Introduction To PHP 7: What’s New And What’s Gone

PHP 6 was ambitious, but rubbish. That’s how we ended up with PHP 7, skipping version 6 in the process.

One of the most exciting events in 2015 in the PHP world was the release of PHP 7, 10 years on from the release of the last major version, PHP 5. With a major step forward, PHP 7 introduces plenty of new features and performance upgrades.

However, it also removes old, deprecated functionality, which introduces some compatibility breaks, making it harder for older applications to migrate to the new version. This guide should serve as a quick tour on what to expect if you plan on moving your existing applications, or building new ones, on top of PHP 7.

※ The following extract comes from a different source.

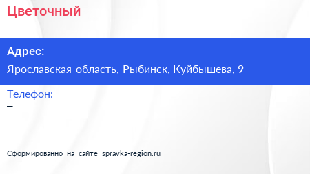 Цветочный по адресу Ярославская область, Рыбинск, Куйбышева, 9 в дальнейшем Организация, размещена в следующих категориях:

But Wait, Where Did PHP 6 Go?

If you haven’t been working with PHP lately, you might wonder what happened to PHP 6, why the skip from PHP 5 to PHP 7? Well, long story short, PHP 6 was a failure. The main feature of version 6 was native support for Unicode characters since PHP is used mainly in web development and the web needs Unicode, so the move to bring Unicode to PHP made sense.

The idea was to bring complete support for Unicode to the core itself. It would have brought extended capabilities to the language, from the ability to use silly emojis as variable and function names, to powerful international string functionality. For instance, when another language uses upper and lower case letters differently from English, or when a name in Chinese characters needs to be converted to English.

PHP 6 was ambitious, but rubbish. That’s how we ended up with PHP 7, skipping version 6 in the process.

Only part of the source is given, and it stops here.